- **Directions for this task**
In the listing that follows, count the lines holding the word "Melaka" and report only that number.
* * *
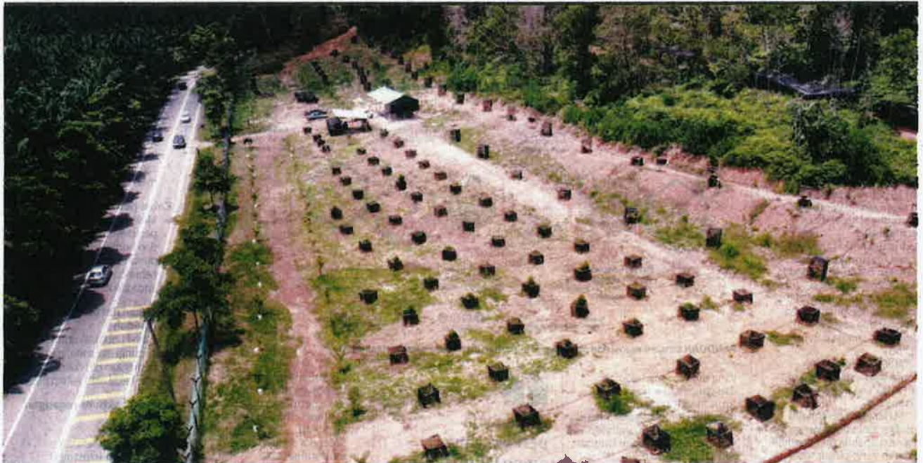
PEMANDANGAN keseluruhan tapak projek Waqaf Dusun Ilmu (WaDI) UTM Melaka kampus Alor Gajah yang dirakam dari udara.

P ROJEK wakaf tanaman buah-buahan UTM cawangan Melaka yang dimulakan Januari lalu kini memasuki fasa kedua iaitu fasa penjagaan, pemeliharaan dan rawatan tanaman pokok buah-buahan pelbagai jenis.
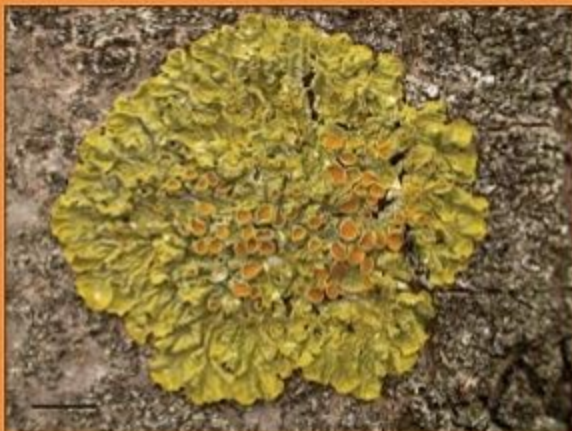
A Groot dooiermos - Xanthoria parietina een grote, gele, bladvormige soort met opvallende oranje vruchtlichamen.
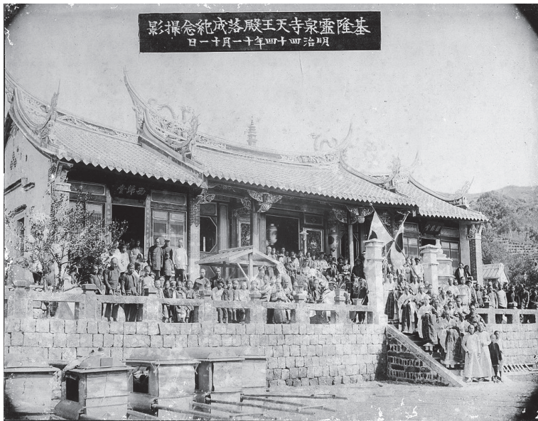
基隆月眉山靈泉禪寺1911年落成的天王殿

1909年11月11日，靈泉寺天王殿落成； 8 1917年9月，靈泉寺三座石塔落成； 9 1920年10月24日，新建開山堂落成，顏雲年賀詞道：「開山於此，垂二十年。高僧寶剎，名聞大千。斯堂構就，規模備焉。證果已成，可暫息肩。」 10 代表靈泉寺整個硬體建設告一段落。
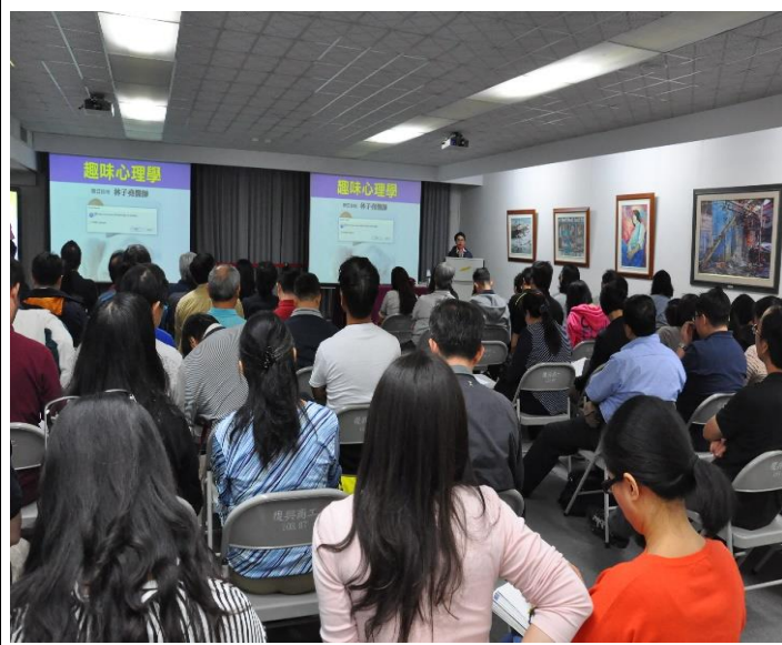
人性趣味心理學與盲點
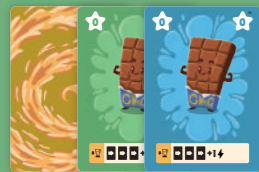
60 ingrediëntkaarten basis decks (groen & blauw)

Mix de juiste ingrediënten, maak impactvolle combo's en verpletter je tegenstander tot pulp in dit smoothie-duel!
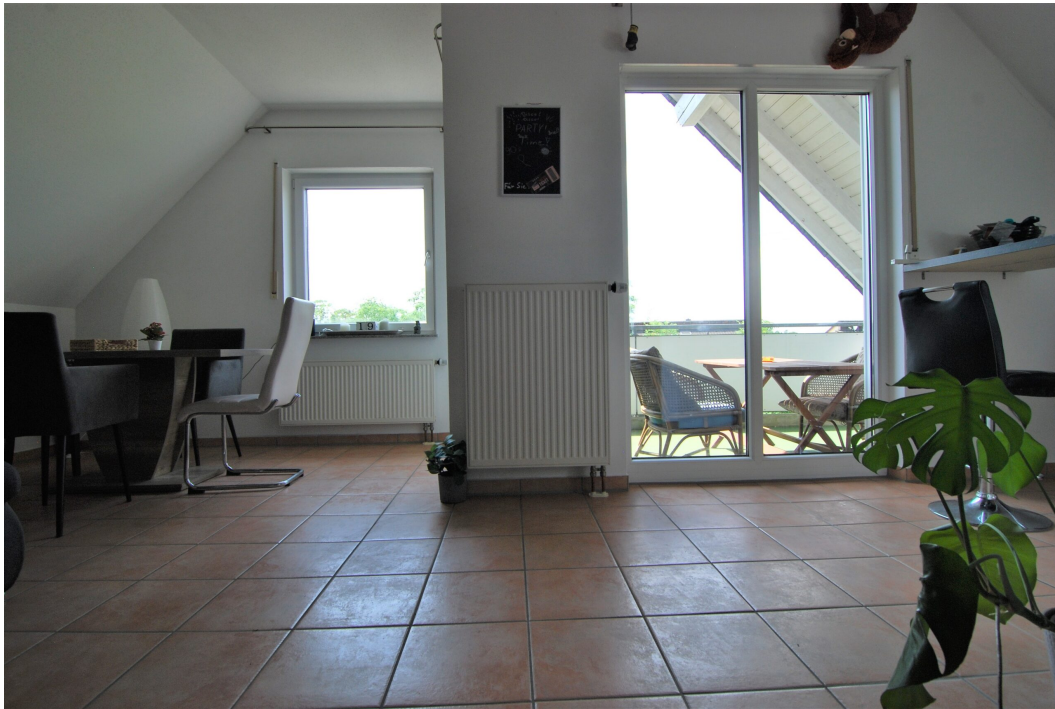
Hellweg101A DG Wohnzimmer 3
* * *
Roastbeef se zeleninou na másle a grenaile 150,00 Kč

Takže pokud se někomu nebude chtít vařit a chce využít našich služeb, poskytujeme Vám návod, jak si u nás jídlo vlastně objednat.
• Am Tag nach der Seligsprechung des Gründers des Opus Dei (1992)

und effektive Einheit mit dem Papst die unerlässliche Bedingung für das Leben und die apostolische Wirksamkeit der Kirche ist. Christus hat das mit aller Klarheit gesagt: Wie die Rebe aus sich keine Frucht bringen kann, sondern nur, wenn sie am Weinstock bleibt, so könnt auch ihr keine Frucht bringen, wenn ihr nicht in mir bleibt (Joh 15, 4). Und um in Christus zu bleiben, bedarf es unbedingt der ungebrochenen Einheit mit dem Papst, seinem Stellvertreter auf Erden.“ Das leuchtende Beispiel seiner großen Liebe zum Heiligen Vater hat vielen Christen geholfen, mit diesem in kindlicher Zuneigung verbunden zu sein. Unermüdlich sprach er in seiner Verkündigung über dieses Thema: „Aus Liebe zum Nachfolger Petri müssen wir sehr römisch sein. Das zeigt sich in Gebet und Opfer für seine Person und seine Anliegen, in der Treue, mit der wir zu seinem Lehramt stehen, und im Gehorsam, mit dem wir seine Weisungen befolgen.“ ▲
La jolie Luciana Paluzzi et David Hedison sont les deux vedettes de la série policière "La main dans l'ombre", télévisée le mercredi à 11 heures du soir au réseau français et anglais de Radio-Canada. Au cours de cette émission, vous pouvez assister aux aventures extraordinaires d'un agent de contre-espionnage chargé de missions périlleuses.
* * *
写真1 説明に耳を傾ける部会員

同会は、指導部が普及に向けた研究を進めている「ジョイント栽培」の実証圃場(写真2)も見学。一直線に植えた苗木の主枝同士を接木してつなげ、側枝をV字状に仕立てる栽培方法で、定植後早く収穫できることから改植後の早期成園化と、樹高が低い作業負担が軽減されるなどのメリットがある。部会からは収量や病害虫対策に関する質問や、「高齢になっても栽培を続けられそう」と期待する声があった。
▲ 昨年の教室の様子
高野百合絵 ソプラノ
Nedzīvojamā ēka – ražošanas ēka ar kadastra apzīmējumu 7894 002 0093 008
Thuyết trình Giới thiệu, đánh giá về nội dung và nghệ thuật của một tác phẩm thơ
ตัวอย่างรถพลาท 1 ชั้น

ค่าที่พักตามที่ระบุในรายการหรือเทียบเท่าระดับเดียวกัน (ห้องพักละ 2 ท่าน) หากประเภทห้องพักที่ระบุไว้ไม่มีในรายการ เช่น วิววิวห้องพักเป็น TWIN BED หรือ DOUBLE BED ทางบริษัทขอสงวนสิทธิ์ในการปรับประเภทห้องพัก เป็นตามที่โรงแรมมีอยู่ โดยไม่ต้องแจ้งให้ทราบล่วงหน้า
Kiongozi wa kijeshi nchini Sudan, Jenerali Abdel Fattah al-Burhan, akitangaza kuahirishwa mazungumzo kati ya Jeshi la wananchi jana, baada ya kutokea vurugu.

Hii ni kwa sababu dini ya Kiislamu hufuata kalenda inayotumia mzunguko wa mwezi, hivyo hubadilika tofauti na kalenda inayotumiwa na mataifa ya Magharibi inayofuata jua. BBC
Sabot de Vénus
* * *
- **Result**
2